De nombreux écrits de Baudelaire étaient inédits ou épuisés au moment de sa mort, mais sa réputation de poète était déjà assurée, Stéphane Mallarmé, Paul Valaine et Arthur Rimbaud le citant tous comme une influence. Au XXe siècle, des sommités littéraires aussi diverses que Jean-Paul Sartre, Robert Lowell et Seamus Heaney ont salué ses écrits. Son influence sur le monde de l’art moderne n’a pas tardé à se faire sentir, non seulement auprès de Manet et des impressionnistes, mais aussi auprès des futurs membres du mouvement symboliste (dont plusieurs ont assisté à ses funérailles) qui s’étaient déjà déclarés adeptes. Son poème en prose, si riche en métaphores, allait également inspirer directement les surréalistes, André Breton faisant l’éloge de Baudelaire dans Le Surréalisme et La Peinture comme un champion « de l’imagination ».

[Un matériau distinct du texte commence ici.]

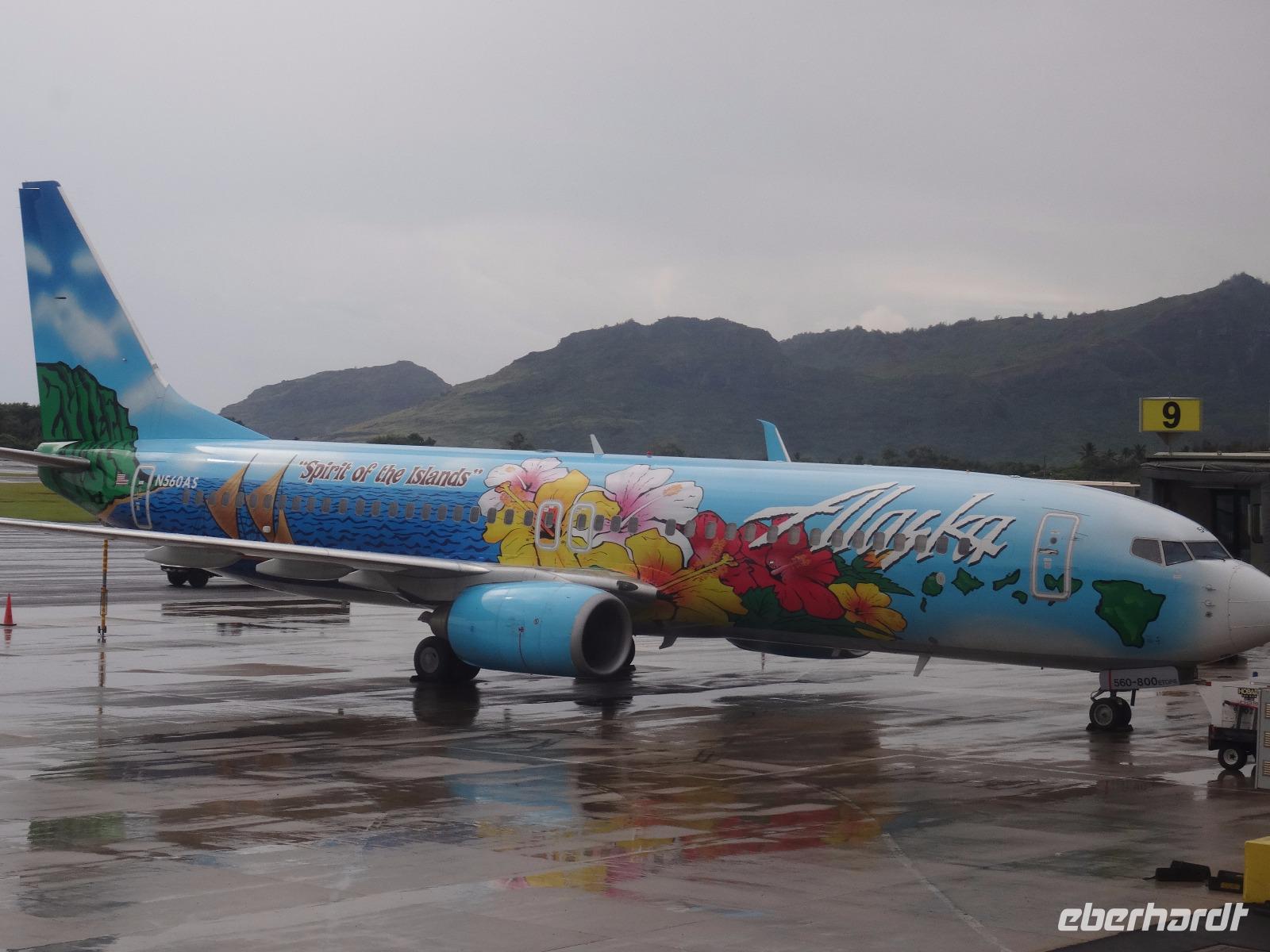 Heute verließen wir Oahu, diese hektische vom Trubel gekennzeichnete Insel und flogen in das dazugehörige Gegenteil - die ruhigste und mit 69.000 Einwohnern am wenigsten besiedelte Insel = Kauai. Kauai wird auch Garteninsel genannt und sie hat auch den Ort, wo es am meisten auf der Welt regnet.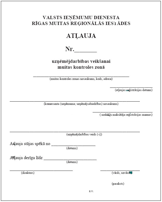 2. Apstiprināt VID Rīgas muitas reģionālās iestādes atļaujas izsniegšanai, pagarināšanai, grozījumu izdarīšanai uzņēmējdarbības veikšanai muitas kontroles zonā veidlapu.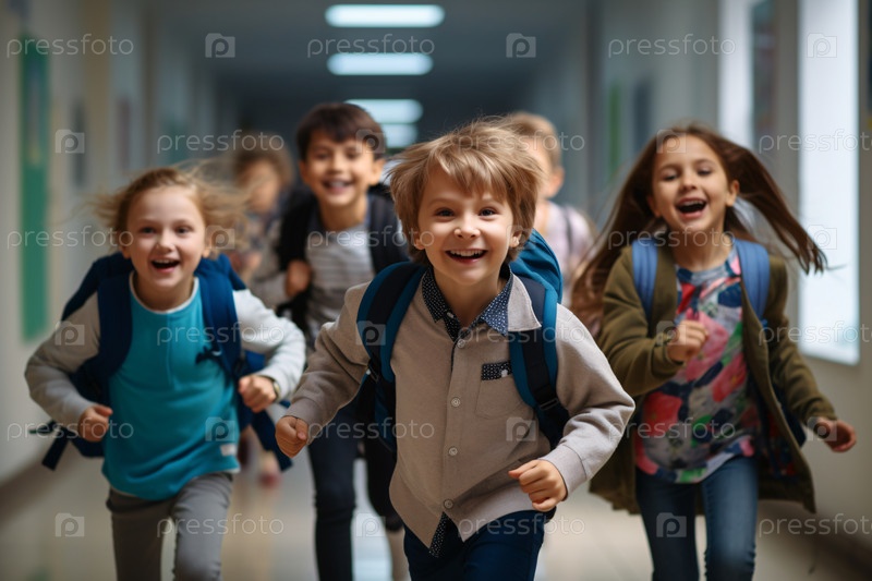 Радостные школьники бегут по коридору, возбужденные и энергичные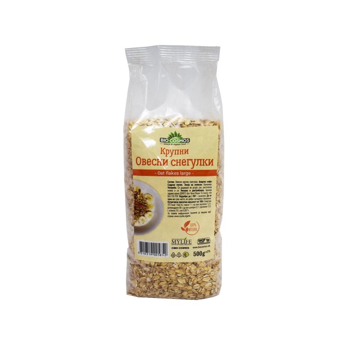 Состав: Овесни крупни снегулки. Алерген инфо: Содржи глутен. Земја на потекло: Германија. Употреба: Се додаваат во јогурт, сок, растително млеко и слично. Увезува и дистрибуира: Аронија здрава храна ДОО, бул. Кочо Рацин 14 Скопје, тел. 043 235 959. Да се чува на суво и ладно место, во добро затворено пакување. Нутритивна просечна вредност на 100гр: енергија 372kcal/1566KJ, јагленихидрати 58гр, од кои шеќери 0.7гр, масти 7гр, од кои заситени 1.3гр, протеини 13.5гр, сол 0.007гр, влакна 10гр.
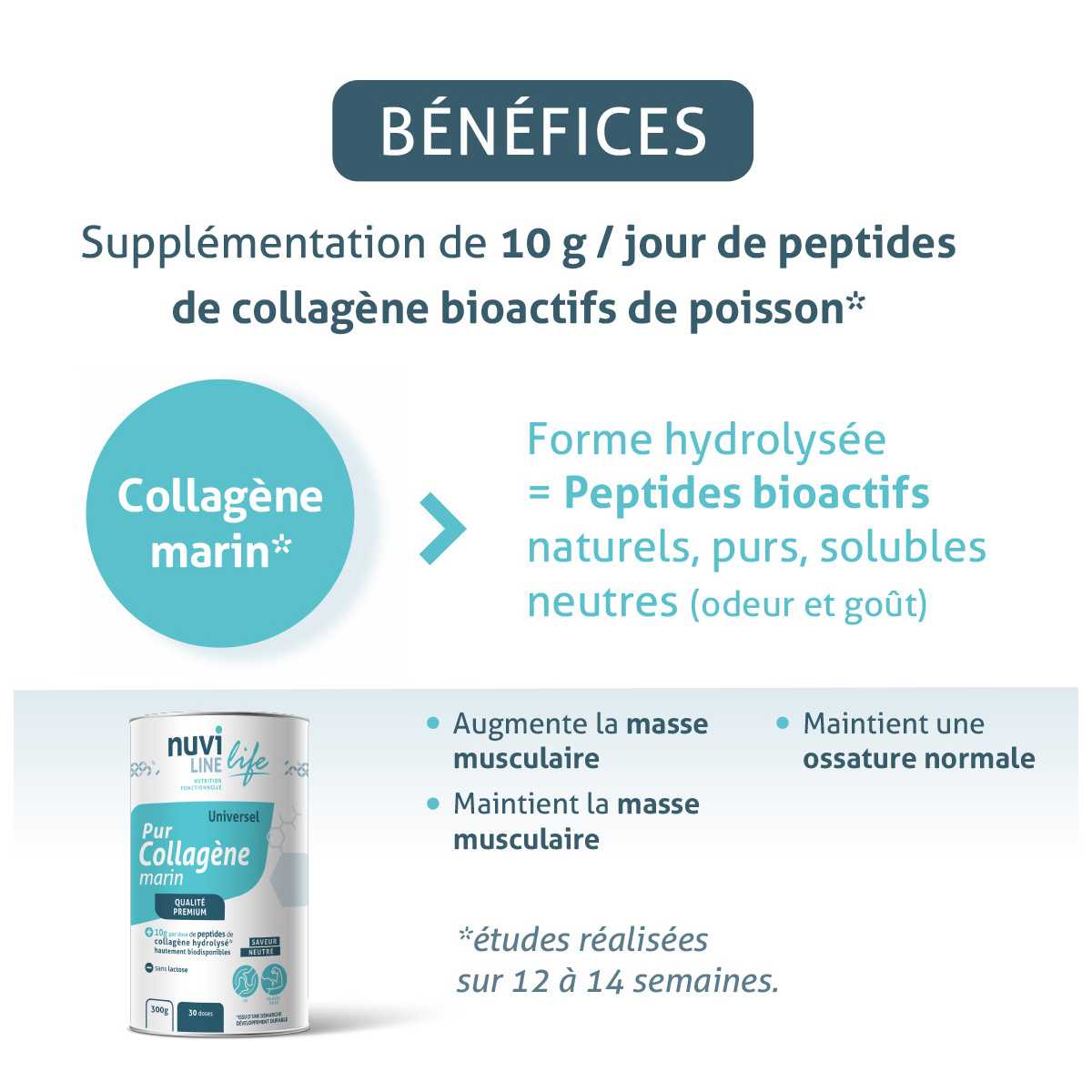 - ARTICULATIONS : des études ont notamment montré sur 12 semaines (3 mois) l'intérêt d'une supplémentation avec notre collagène marin pour soulager les symptômes de l'arthrose du genou, symptômes tels que la douleur et la capacité ou fonction physique. Une amélioration corrélée de la qualité de vie a été observée. Cette étude a ainsi permis de démontrer le rôle du collagène pour la santé des articulations.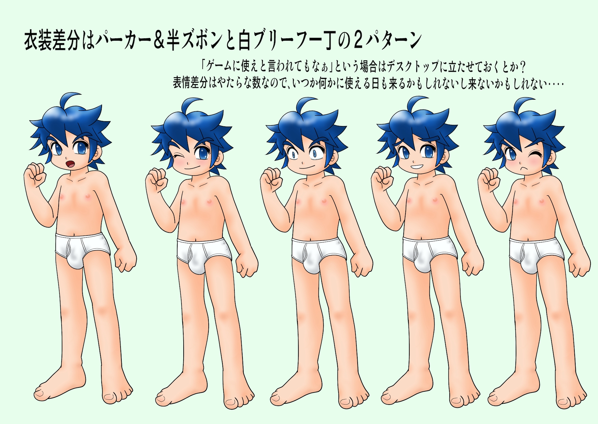 半ズボン&白ブリーフ男子の自由に使える立ち絵素材集です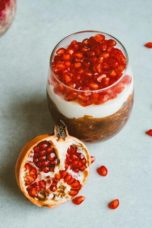 Perpaduan puding chia cokelat yang lembut dan kaya rasa, lapisan krim yang ringan, dan biji buah delima yang segar menciptakan sensasi rasa yang unik.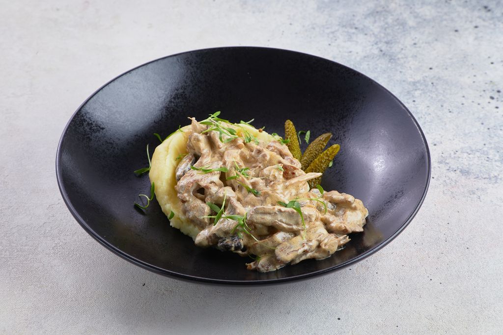 Бефстроганов из говядины (300 г.) 790 руб. В корзину Описание Описание Обжаренные ломтики говядины с грибами и луком в сливочном соусе. Подается с картофельным пюре.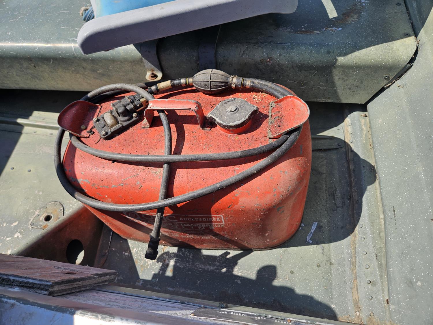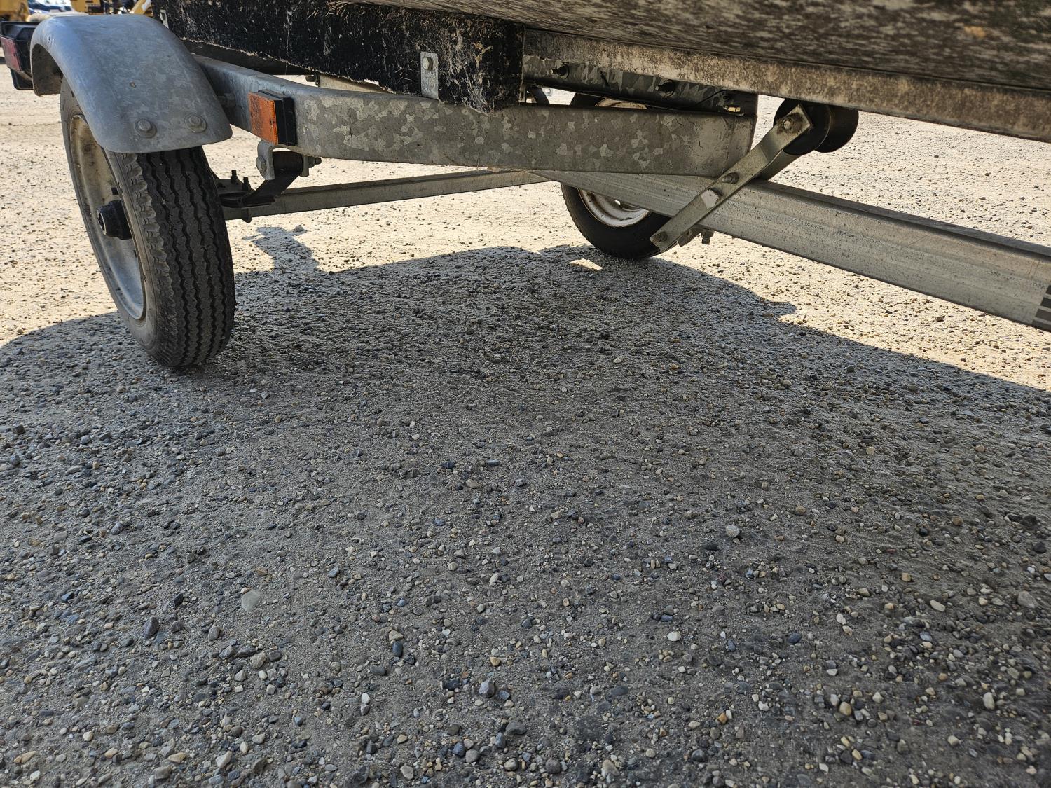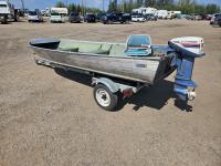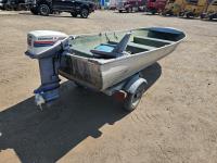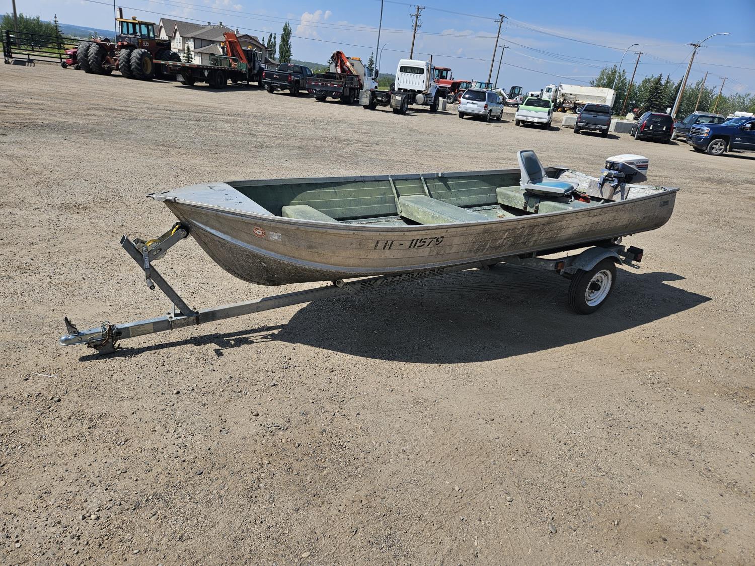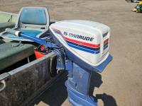 15 HP Evinrude outboard motor, fuel tank, Karavan S/A trailer, 4.80-12 tires, boat cover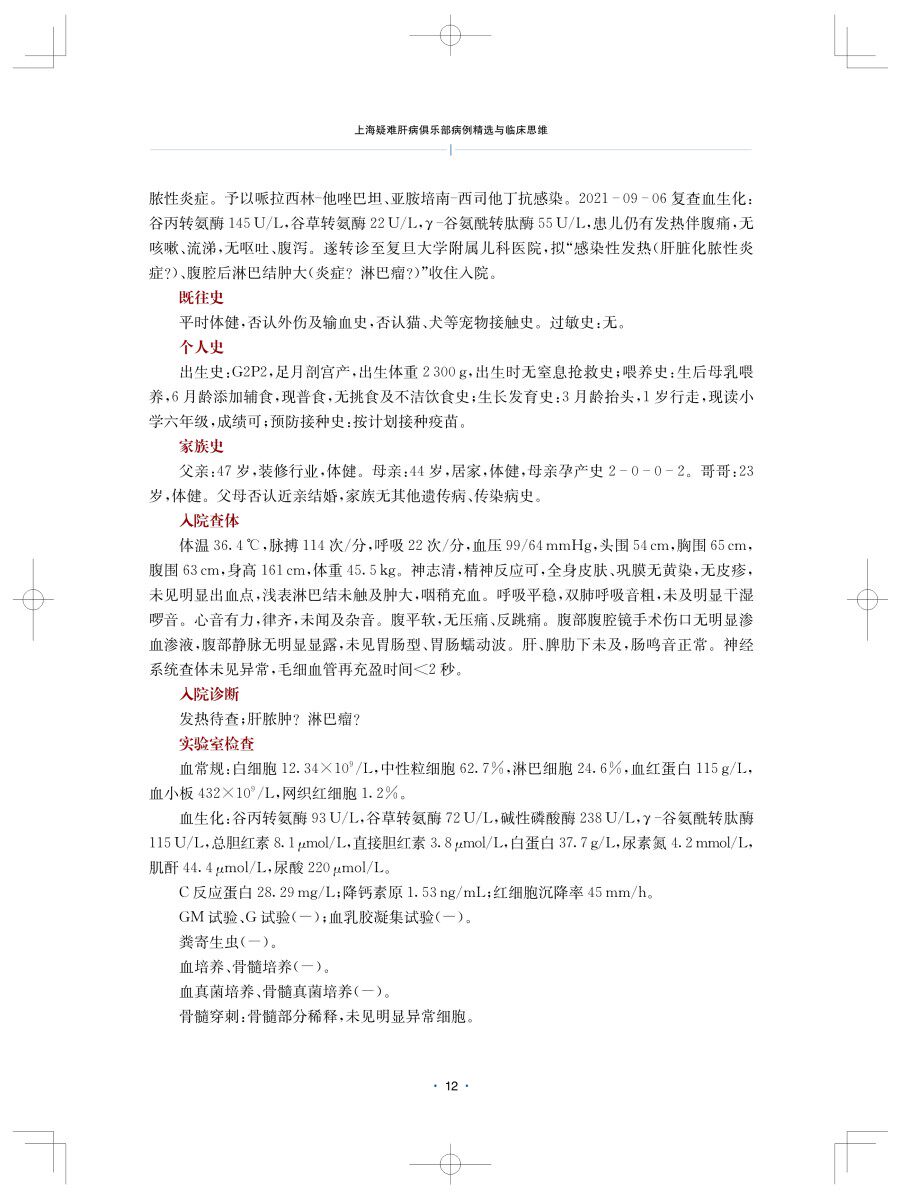 本书收集了2019-2021年海疑难肝病俱乐部菁英论坛的29个精彩案例,由海疑难肝病俱乐部专家委员会评议,并按照感染、自身免疫、遗传代谢、肿瘤、血管等病因进行分类。书中收录了许多临床非常罕见的疾病,如肝移植后新发IgG4相关自身免疫性肝炎、多种酰基辅酶A脱氢酶缺乏症、巴尔通体肝脓肿、肝脏黑色素瘤、肝淀粉样变性、肝豆状核变性相关肝衰竭、POEMS综合征等。通过编者细致的病史整理,展现了诊治过程中柳暗花明、峰回路转的曲折经历,也体现了严谨的临床分析推理和优选的诊疗技术手段。

La contribution de Baudelaire à l’ère de la modernité était profonde. Comme l’a observé le professeur André Guyaux, il était « obsédé par l’idée de modernité ; il a donné au mot toute sa signification ». Mais aucun personnage n’a autant contribué à cimenter la légende de Baudelaire que l’influent philosophe et critique allemand Walter Benjamin, dont les essais rassemblés sur Baudelaire, L’écrivain de la vie moderne, ont fait du Français un nouveau héros de l’ère moderne et l’ont placé au centre même de l’histoire sociale et culturelle du Paris du milieu et de la fin du XIXe siècle. C’est Benjamin qui a transporté le flâneur de Baudelaire dans le vingtième siècle, le considérant comme un élément essentiel de notre compréhension de la modernité, de l’urbanisation et de l’aliénation des classes sociales.